Antonio e Carmine Zagaria

Ma l’espansione non si limita al territorio regionale. Il secondo fronte, infatti, è estero, da sempre caro al leader della struttura, l’ergastolano Michele Zagaria, detto “Capastorta”. Tra le destinazioni principali continua a figurare la Romania — dove, in nome del clan, aveva investito Nicola Inquieto, oggi sostituito da nuovi e più giovani “colletti bianchi” — e le Isole Canarie, in particolare Tenerife, dove da anni si sarebbero radicati Filippo Capaldo, nipote di Zagaria, e i suoi fratelli.

Si tratta di un’espansione economica alimentata dal denaro accumulato negli anni e ora fatto muovere attraverso imprenditori che hanno beneficiato, e continuano a beneficiare, di quello che Giuseppina Nappa, moglie del capoclan Francesco Schiavone Sandokan, ha definito – in uno dei recenti interrogatori resi ai magistrati della Dda di Napoli – come “lievito madre”: la forza mafiosa che garantisce capitali e sbaraglia ogni concorrenza, agevolando l’imprenditore colluso corrompendo o incutendo paura.

Riuscire a far emergere questa rete di investitori (che poi ridistribuisce al gruppo Zagaria parte degli utili) è probabilmente la parte investigativa più complessa. Perché chi la gestisce è sempre più attento a non lasciare tracce di contatti con soggetti notoriamente mafiosi (che potrebbero attirare l’attenzione degli investigatori), muovendosi invece attraverso intermediari su intermediari. Risalire all’origine malavitosa di questi business diventa quindi sempre più difficile.

Filippo Capaldo

Ma questo non scoraggia l’Antimafia, che continua a cercare di ricostruire il filo che lega l’imprenditore colluso al nocciolo del clan Zagaria, che oggi potrebbe contare anche sul ritorno in libertà di alcuni familiari storici di Capastorta. Carmine, Pasquale, Antonio ed Elvira Zagaria sono tornati in provincia di Caserta (la speranza, naturalmente, è che abbiano davvero reciso ogni legame con le logiche mafiose). Se la cosca originaria di Casapesenna continua a mantenere un profilo basso – anche se il recente ritrovamento di una mitraglietta in uno degli ex covi del boss Michele Zagaria lascia presagire che, all’occorrenza, anche lei, magari coinvolgendo manovalanza straniera (albanesi), sia pronta a farsi sentire – c’è invece chi, ultimamente, ha imboccato apertamente una strada diversa, fatta di stese, pestaggi e agguati, proiettandosi verso le dinamiche napoletane.

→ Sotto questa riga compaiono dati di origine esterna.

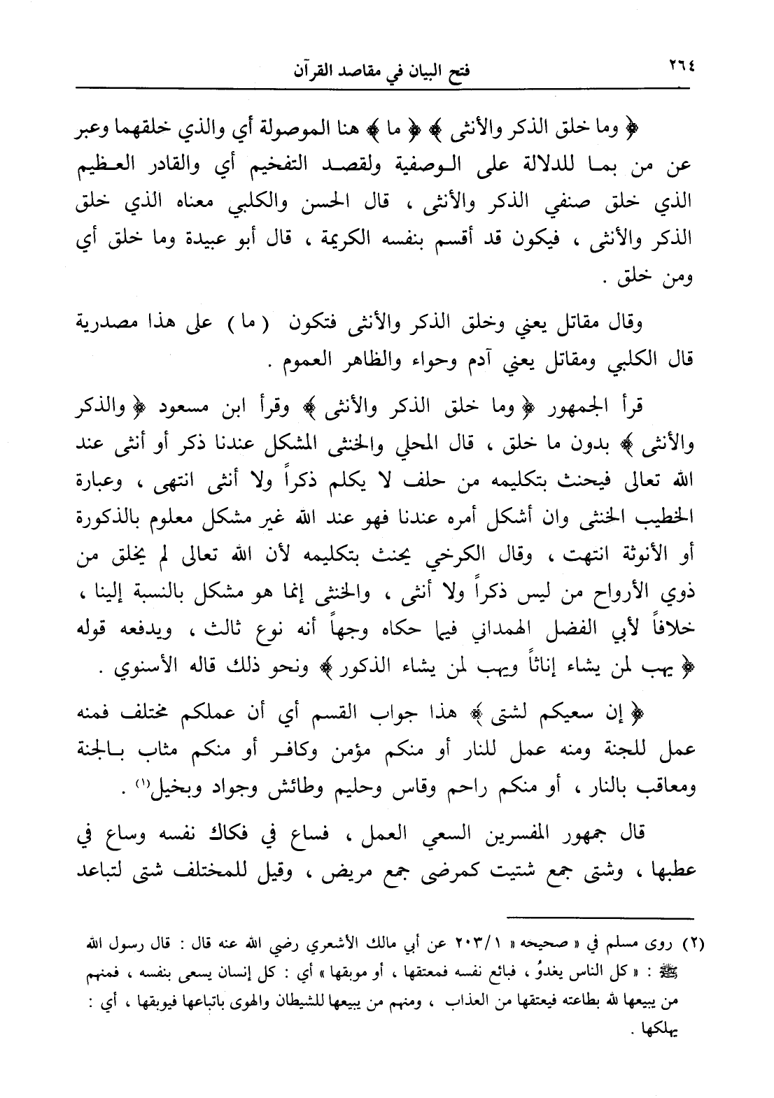 قرأ الجمهور (وما خلق الذكر والأنثى) وقرأ ابن مسعود (والذكر والأنثى) بدون ما خلق، قال المحلي والخنثى المشكل عندنا ذكر أو أنثى عند الله تعالى فيحنث بتكليمه من حلف لا يكلم ذكراً ولا أنثى انتهى، وعبارة الخطيب الخنثى وإن أشكل أمره عندنا فهو عند الله غير مشكل معلوم بالمذكورة أو الأنوثة انتهت، وقال الكرخي يحنث بتكليمه لأن الله تعالى لم يخلق من ذوي الأرواح من ليس ذكراً ولا أنثى، والخنثى إنما هو مشكل بالنسبة إلينا، خلافاً لأبي الفضل الهمداني فيما حكاه وجهاً أنه نوع ثالث، ويدفعه قوله (يهب لمن يشاء إناثاً ويهب لمن يشاء الذكور) ونحو ذلك قاله الأسنوي.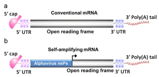 Compared with conventional mRNA, saRNA is larger, with 9000–12,000 nucleotides, since an additional alphavirus-derived coding sequence is included; this ORF encodes four nonstructural proteins (nsPs), which can converge to form RNA replicases [], driving the amplification of the mRNA-encoded antigen []. Compared with the conventional mRNA vaccine, the saRNA vaccine can induce more effective and durable antigen protein expression, which addresses the transient expression that limits conventional mRNA therapeutics []. By comparing the capacities of different vaccines to protect mice against influenza, Vogel et al. demonstrated that a saRNA vaccine shows efficiency equivalent efficiency to that of mRNA vaccines but at a much lower dose, indicating that saRNA is a promising platform for future vaccines [].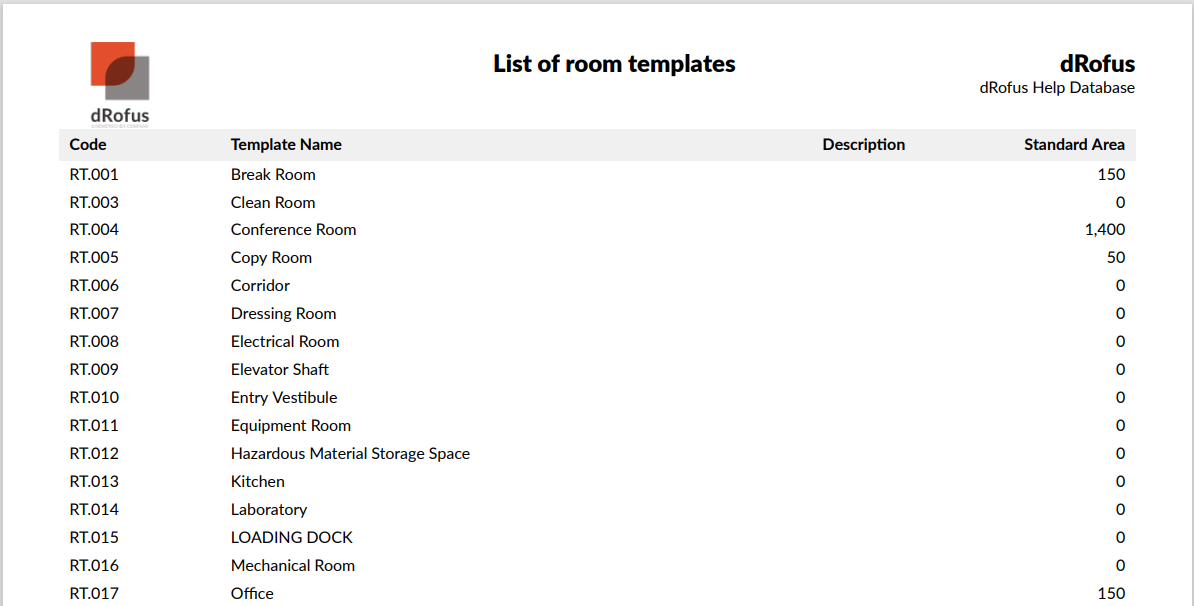 This report lists all room templates with code, name, and recommended programmed area by default, but any available field in room templates can be added.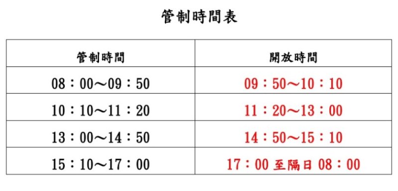 1.管制時間以外,其餘時段皆開放通行,其中週五及週日15:00以後不管制,行經此路段時請依照現場指揮通行。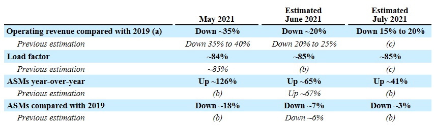 智通财经APP获悉,西南航空(LUV.US)今日更新了其财务及运营业绩指引。该公司表示,2021年5月份营业收入符合公司预期,处于其指引区间的较优端,主要是由于休闲旅行客流量及票价的改善。基于此,该公司预计6月和7月的休闲旅行票价水平将与2019年同期持平,预计6月份和7月份营业收入较2019年同期将分别下降约20%和15%-20%。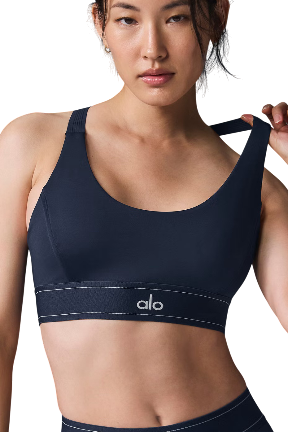 Airlift Suit Up Bra от Alo Yoga — спортивный топ средней поддержки (medium-impact), хорошо держит при движении. Материал — фирменная ткань Airlift: смесь 84 % полиэстера и 16 % эластана, плотное двойное трикотажное плетение (double-knit micro performance) — сочетание плотности и растяжимости. Регулируемые плечевые лямки, яркие декоративные швы (piping) подчёркивают форму и делают дизайн более выразительным. Подходит как для тренировок, так и для городской одежды.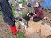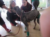Zuerst fuhren wir mit den Frauen in die städtische Tierklinik. Dort waren zu diesem Zeitpunkt vier der Tiere aus Vassos Tierheim zur Behandlung untergebracht. Einer davon war der Rüde Fantomas, den wir schon zuvor auf Bilder gesehen hatten. Ein Hund der bei seiner Übernahme durch Vasso mehr tot als lebendig war und noch immer auf der Kippe stand. Er bestand nur aus Haut und Knochen und an Stelle von Fell hatte er Schorf überall auf seinem Körper. Wir durften alle vier Hunde kurz nach draußen holen und ihnen ein paar Streicheleinheiten schenken. Diese genossen sie doch sehr! Zwei der Hunde konnten an diesem Tag entlassen werden und so luden wir sie ein und fuhren weiter zu einem Tierarzt, bei dem Vasso regelmäßig einige ihrer Tiere behandeln lässt.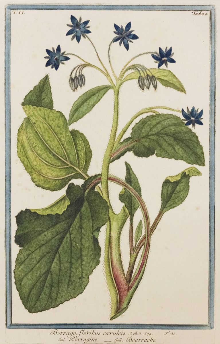 [Regensberg, 1737-1745], gruppo di 4 tavole incise in rame a colori tratte dall'opera Phytanthoza Iconographia, mm 320 x 205 ciascuna. Insieme nel lotto due tavole raffiguranti Borrago, floribus ceruleis e Marrubium album vulgare, incise in rame e colorate a mano, secolo XVIII, mm 363 x 225 ciascuna.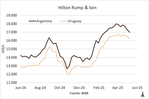 Fue otra semana de afloje para los cortes del rump & loin Hilton en Europa. Fuentes del mercado de importación manejaron negocios a World Beef Report (WBR) desde Argentina en la última semana en un rango de US$/t 16.800 a US$/t 17.300 FOB. En tanto, desde Argentina hubo operadores que manejaron negocios sobre un eje de US$/t 17.000, pero otros ya hablaban de un rango más amplio, con un piso de US$/t 16.500. En tanto, para los cortes de la rueda Hilton, fuentes manejaron valores de US$/t 7.200 FOB. En tanto, otras fuentes del mercado argentino reportaron negocios por bife ancho a US$/t 21.000, bife angosto a US$/t 15.000, y lomos sin cordón a US$/t 28.000 FOB. En el caso de Uruguay, un importador manejó negocios a US$/t 16.200 FOB la pasada semana para el Hilton.

Uno scenario alimentato dalle scarcerazioni di soggetti che hanno scelto la via della violenza palese per riappropriarsi del potere criminale. Ci si riferisce soprattutto a Emanuele Libero Schiavone, figlio di Sandokan, che, appena tornato in libertà dopo undici anni di carcere, aveva ingaggiato uno scontro armato con un’ala del gruppo Bidognetti per conquistare il controllo del mercato della droga (il giovane, lo scorso anno, è stato nuovamente arrestato e riportato in cella). Ma, in linea di massima, l’organizzazione mafiosa con base nell’Agro aversano continua ad agire in silenzio, con la consueta strategia dell’infiltrazione, del controllo economico e dell’espansione sotto traccia.